如体外筛选所预测的,由肽1处理2周内和由肽11处理6周内受试动物中拟杆菌/厚壁菌比率增加(图2a)。还观察到WD喂养的LDLr-/-小鼠肠道微生物组丰富度(Chao1指数)降低,但是向WD喂养的小鼠施用肽1和11逆转了这种降低,使肠道微生物组的丰富度恢复到与CHD喂养小鼠相似的水平。与体外筛选一致(图1c),两性离子肽11在体内对WD重塑的肠道细菌的选择性高于阳离子肽1(图2b)。这两种肽最初针对的是不同的细菌属,但在为期10周的研究过程中,由该肽诱导的重塑肠道微生物组变得更加相似。虽然肽处理后总体微生物群α多样性没有变化(图2c),经处理的动物中的微生物群与未经处理的动物不同(图2d)。在体外测定培养的物种水平上,总共鉴定出73个操作分类单元(OTU)。在未培养的小鼠盲肠样品中,在物种水平上鉴定出72个OTU。在这些样品中,42种同时存在于培养和未培养样品中。在这42种物种中,经过肽体内处理后,有14种物种的丰度发生了统计学上的显著变化,其他28种物种则不受肽处理的影响。在体内受到肽处理显著影响的14个物种中,大多数在体外测定中以相同的方式受到影响(图2e),表明该测定可以预测体内的变化。

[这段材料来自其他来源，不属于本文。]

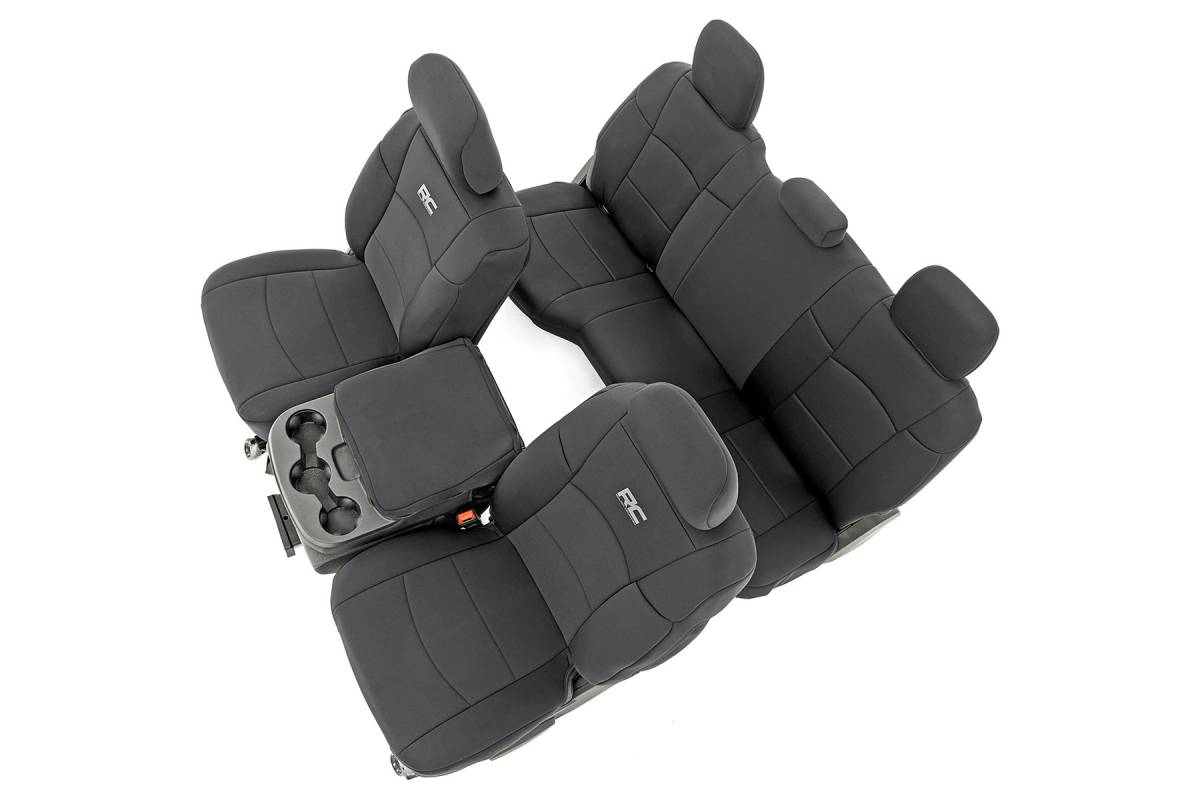 - Want to protect your seats or are your seats showing signs of wear and tear from daily use? Say goodbye to unsightly stains and deterioration with Rough Country's Neoprene Seat Covers - the ultimate solution for preserving your vehicle's interior. Snug Fit for Optimal Protection: Our seat covers are tailored to fit your seats perfectly, providing a protective barrier against spills, scratches, and everyday wear and tear. Factory-Spec Construction: Engineered to meet factory specifications, our covers blend seamlessly with your vehicle's interior, giving it a fresh, new look without compromising on quality or style. Four-Layer Defense: With a four-layer construction featuring foam padding and a durable polyester shell, our seat covers offer unmatched protection and longevity, ensuring your seats stay looking new for years to come. Breathable and Water-Resistant: The neoprene layer not only provides breathability for added comfort but also boasts water-resistant properties, safeguarding your seats from spills and stains. Complete Coverage: Our covers come with full protection for your front seats, including headrest covers where applicable, as well as rear covers to shield your back seats from children and pet-related mishaps. Peace of Mind Warranty: Rest easy knowing your purchase is backed by our two-year warranty, giving you confidence in the durability and reliability of our product. Don't let worn-out seats diminish your driving experience. Upgrade to Neoprene Seat Covers today and enjoy a fresh, stylish interior that's protected against the rigors of daily life on the road.
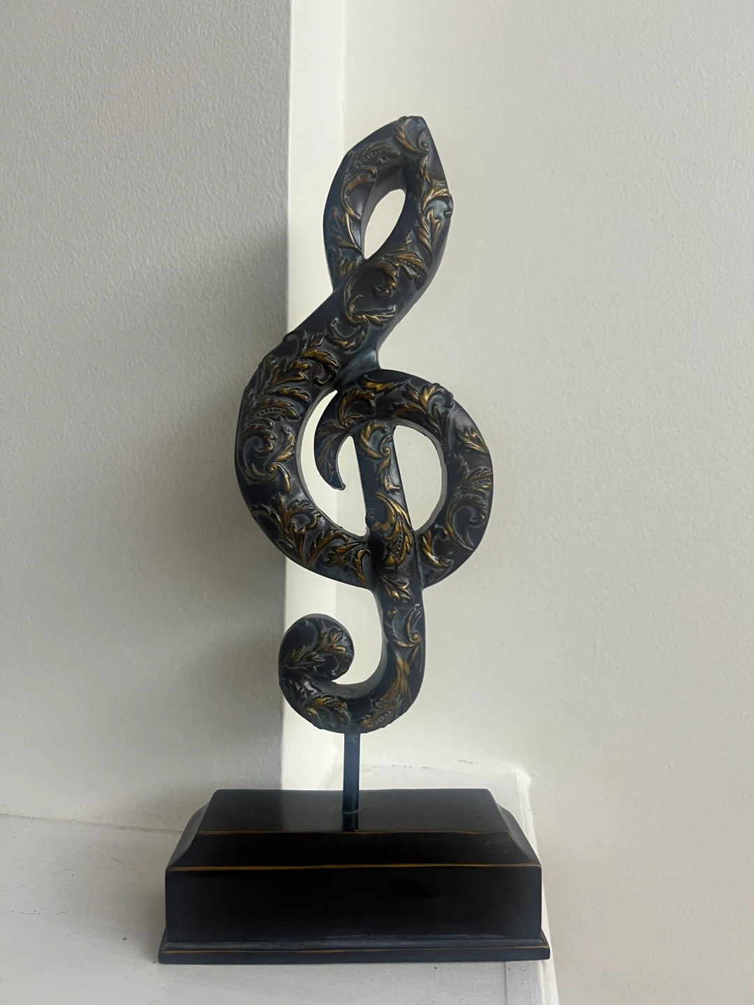 This is a decorative treble clef figurine. It's made of a dark material with ornate gold detailing. The piece sits on a black base.
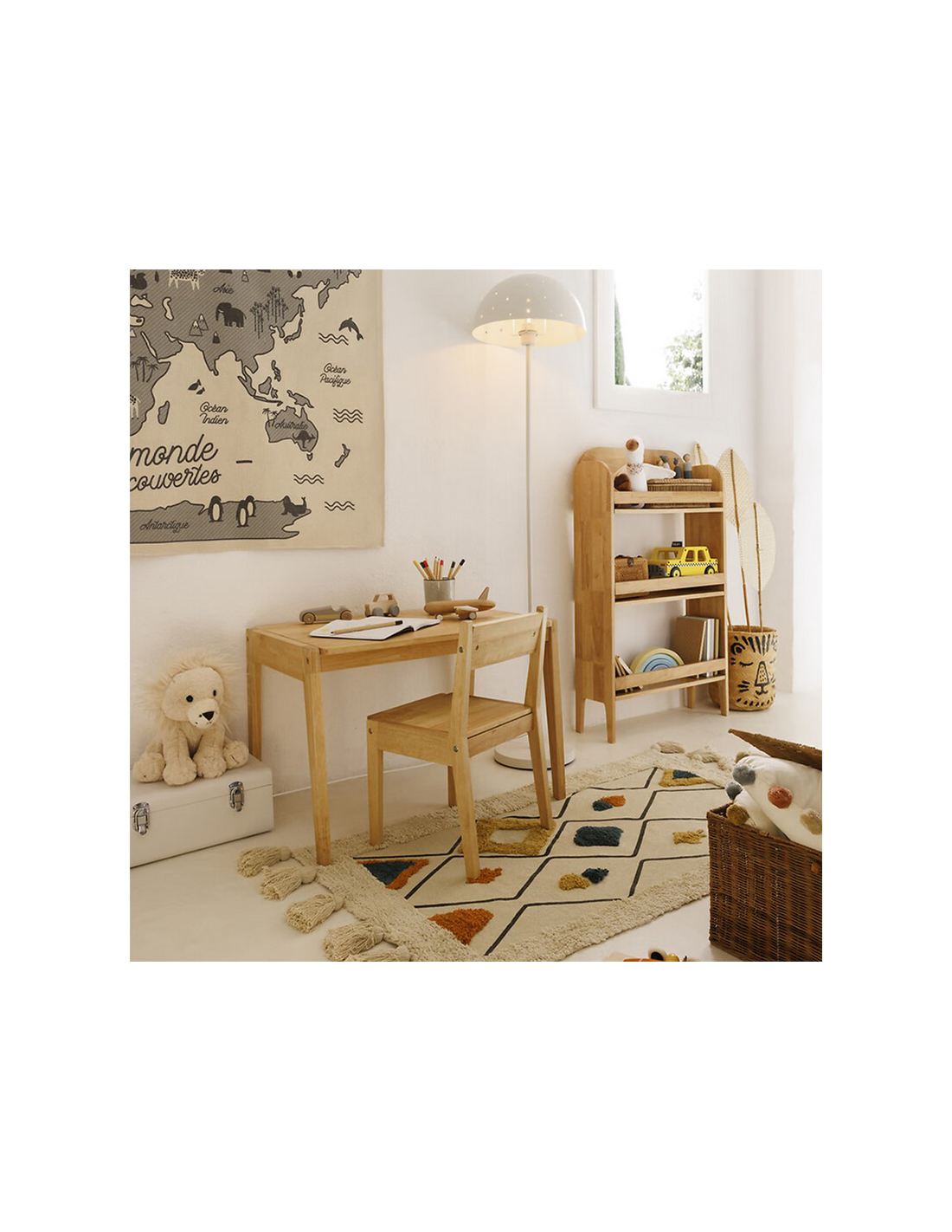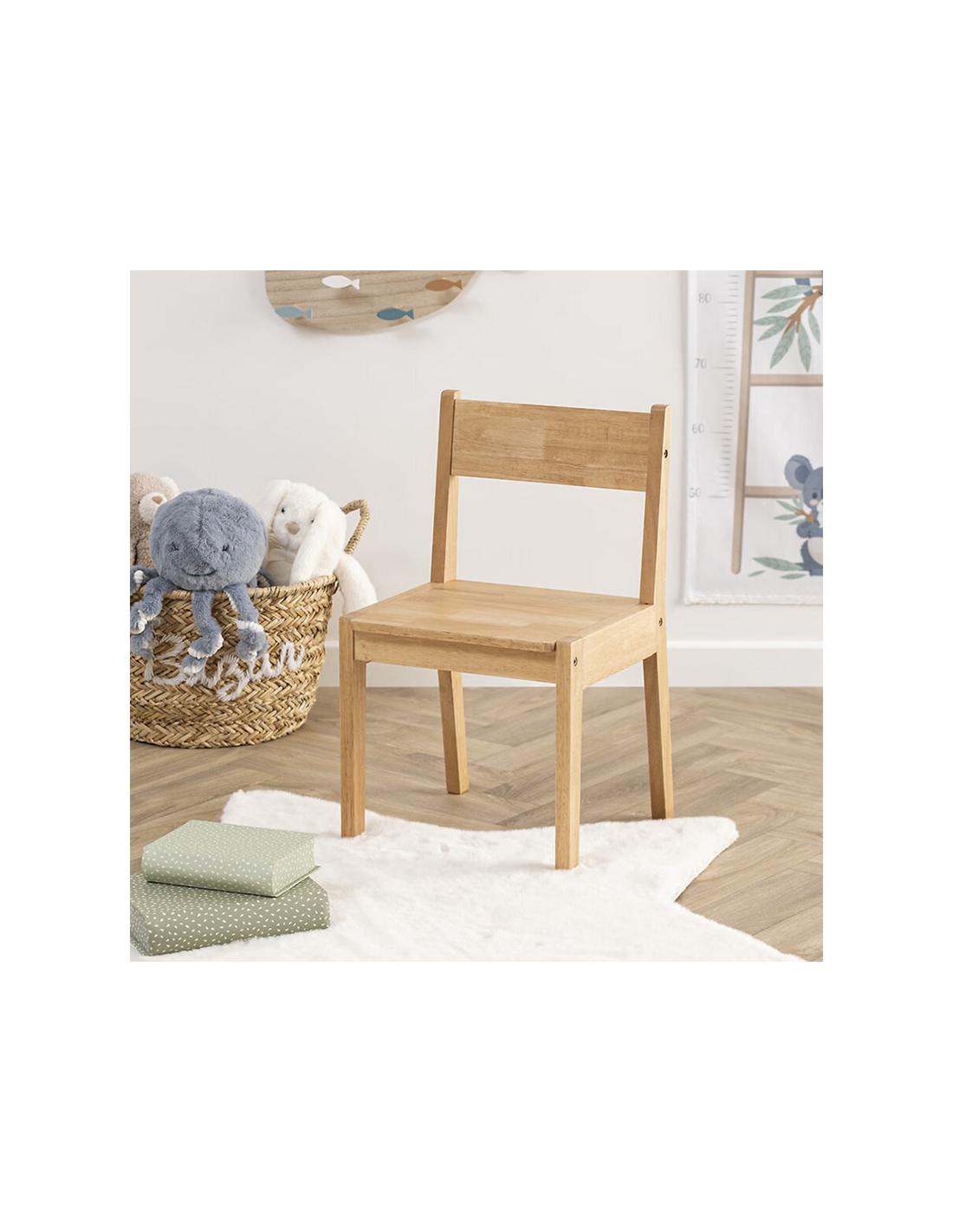 Cette chaise en bois est le compagnon idéal de votre enfant. Elle est fabriquée en bois d'hévéa, qui est une ressource renouvelable et donc respectueuse de l'environnement. Cette chaise offre un endroit solide et confortable pour s'asseoir pendant que votre petit joue ou apprend.

图2 环状D,L-α-肽诱导的LDLr-/-小鼠肠道菌群的体内重塑

5 肠道菌群的转录重编程和代谢作用

对肽处理2周后的小鼠粪便中细菌进行转录组测序,发现肽处理可引起微生物群转录组的广泛重编程(图3a)。观察到的基因表达差异可以分为三个主要类群。两个簇包含通过肽处理表达增加(簇1)或降低(簇2)的细菌基因。簇3包含被WD改变但不受肽处理影响的基因。粪便样品中的大多数细菌种类都包含所有三个簇中存在的基因(图3),这不仅表明微生物结构的普遍变化,还表明微生物群转录活性的普遍变化。肽11处理降低了厚壁菌门基因表达,而增加了拟杆菌的总体基因表达。靶向代谢组学分析表明,肽治疗可恢复由WD损害的肠道菌群的重要功能。短链脂肪酸(SCFAs)和氨基酸的代谢如图(图3b,c)。SCFAs是由肠道中碳水化合物的细菌发酵产生的,并参与微生物对宿主代谢和生理的介导作用。在动脉粥样硬化的背景下,SCFAs可以通过组蛋白脱乙酰基酶和/或G蛋白偶联受体的依赖机制在先天免疫和炎症过程中发挥作用。功能宏基因组学分析表明,肽处理可诱导酶表达水平发生变化,导致丁酸酯生物合成和乙酰乙酸CoA转移酶水平增加(图3d),促进丁酸产生。粪便样品目标代谢组学分析结果证实用肽11治疗2周的动物含4-6个碳的脂肪酸(包括丁酸)水平升高(图3e)。在肽治疗的CHD或WD动物中,功能通路分析预测色氨酸和苯丙氨酸的分解代谢降低(图3c)。靶向代谢组学显示,经2周肽处理后的动物的粪便中色氨酸和苯丙氨酸含量较高(图3f)。

图3 WD喂养小鼠进行肽处理可引起肠道菌群的代谢变化和转录重编程

6 肽治疗的抗动脉粥样硬化作用

除此之外,研究者发现,肽处理后,WD小鼠的血浆胆固醇水平和动脉粥样硬化病变显著降低。与对照相比,口服肽1和11分别降低了小鼠血浆总胆固醇37%和36%(图4a)。在CHD喂养的小鼠中,没有类似的肽介导的胆固醇降低。此外,通过快速蛋白质液相色谱法分析血浆脂蛋白组分可知,血浆总胆固醇水平的降低源于肽处理的WD喂养小鼠血浆中极低密度脂蛋白和低密度脂蛋白含量的明显降低(图4b)。通过进行粪便双同位素胆固醇吸收测定,证实肽处理不会降低饮食中胆固醇的吸收。主动脉病变区域分析表明,肽1和11分别使动脉粥样硬化病变显著减少了37%和48%(图4d),同时,主动脉窦病变体积分别减少了44%和37%(图4e)。菌群组成分析表明,8种菌群与血浆胆固醇水平呈正相关,5种菌群与血浆胆固醇水平呈负相关(图4c)。肽通常会降低正相关分类单元的丰度,并增加负相关分类单元的丰度(图4c)。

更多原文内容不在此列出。